Every year we think it can’t possibly grow like that next year, and we just continue to grow. We’re lucky that even in as bad of times as it is, everybody wants an online game.
Whether it’s IP, or some game we want to make ourselves, there are a lot of people who want online games right now, so we’ve just been in a good space.
The MMO Gamer: The first hour of the first day, when you made the decision to found NetDevil, what was that like?
Scott Brown: Well, to be honest, it’s all I’ve ever wanted to do. So there wasn’t really one day to found NetDevil, I’d always wanted to make a game company.
Embarrassingly, I’d always just wanted to make games, and I couldn’t get a job in the industry. It’s a tough industry, as everybody knows, you face the chicken and the egg problem a little bit. The first question someone asks you when you apply at a game company is “What games have you made?” So it’s very difficult to get over that initial hump.
I just got lucky. I was in the right place at the right time. There was no planning, I won’t claim anything. We had built a company that was building educational software while I was in college, and happened to fall into business application training.
We had no vision for that, and in four years we were suddenly 100 people, it was 1997 in the tech boom, and we got bought.
I was only a small owner, I was basically the CTO, if you will, only because I was the engineer that had been there the longest. But I don’t know that it was the right title.
It gave me enough money to be able to quit, and the first thing I did, it wasn’t even a thought, was like, now I’m making our game company. That was it.
The MMO Gamer: That statement, “all you wanted to do was make games,” is a very familiar one. If you asked 100 different people at GDC, 99 of them would say that was why they got into the industry.
But, they would also give you 99 different answers as to why they wanted to make games in the first place. What’s yours?
Scott Brown: Well, I’ve always loved games. When I was in fourth grade, I was in a program at my elementary school called Leap. It meant that I got to go get computer time at the end of every day, and our school had just gotten these Apple IIs.
They took us into a room and they showed us Lemonade Stand, if you remember that game. It’s basically a game where you saw the weather tomorrow and you guessed how many things of lemonade to make, and if you guessed opposite of the trend and you were right, you’d make a whole bunch of money, and if you didn’t, you wouldn’t, you’d lose a lot of money.
And then they started teaching us BASIC, and that was it. As soon as I saw that I was like, this is what I want to do.
When I was early in college we were playing a lot of this game called Warbirds. And I’d played a lot of Battletech Online, and GEnie, some of those services that were out at the time, starting to use online games. And as soon as I played those, I was like, that’s all I ever want to do.
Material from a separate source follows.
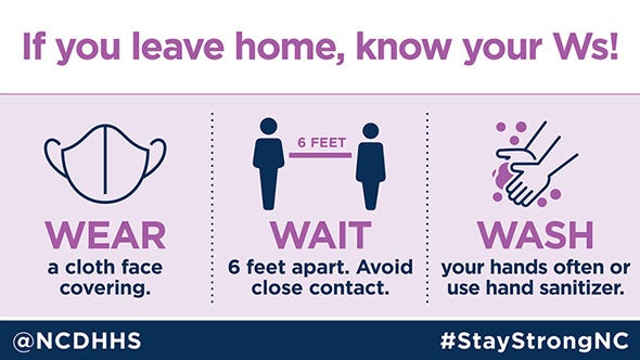 The North Carolina Department of Health and Human Services emphasizes the three W’s when leaving your home:

The MMO Gamer: What was the draw to online games in particular?
Scott Brown: Worlds with other players are way more interesting to me than anything else. So, that was it.
It was like, okay, that’s the kind of games we’re going to make. And when we started the company we were like, let’s go make the games that nobody’s making that we desperately want to play.
So maybe that’s bad, and maybe it’s why we’ve struggled, but we don’t do marketing analysis. Like, “based on these numbers, and this thing, this is the right kind of game to make.”
We make the games we desperately want to play that for some reason no one else is making.
At the time when we started, we did a little survey on some web boards and said, “What kind of an MMO that’s not being made would you want? What online worlds would you want?”
The number one answer was space, and the number two was cars. And so, JumpGate and AutoAssault, right? I mean, really it was that simple.
It was just like, “Yep, we want to play these.” There’s a bunch of people out there that seemed – not a bunch, I shouldn’t say – but, you know, rough polls showed that people seemed to agree that these aren’t made, and so we made them.